# [WORK TASK]
From the first line of the listing below to the line with "pink bird feathers.", print each line exactly, and nothing more. Leave out the pictures.

Segment Start: COLLECTED MATERIAL

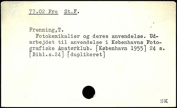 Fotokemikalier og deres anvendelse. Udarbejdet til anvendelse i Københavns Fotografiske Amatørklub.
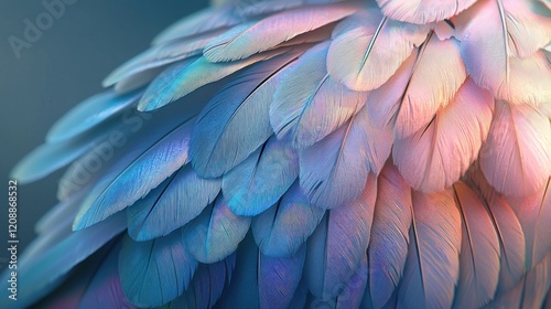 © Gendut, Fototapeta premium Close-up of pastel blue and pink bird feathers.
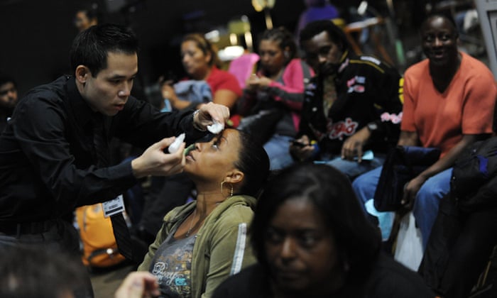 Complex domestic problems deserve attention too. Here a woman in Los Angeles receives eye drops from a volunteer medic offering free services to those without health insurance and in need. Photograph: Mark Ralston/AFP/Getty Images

Segment End: COLLECTED MATERIAL

# [ANSWER SECTION]
 Fotokemikalier og deres anvendelse. Udarbejdet til anvendelse i Københavns Fotografiske Amatørklub.
 © Gendut, Fototapeta premium Close-up of pastel blue and pink bird feathers.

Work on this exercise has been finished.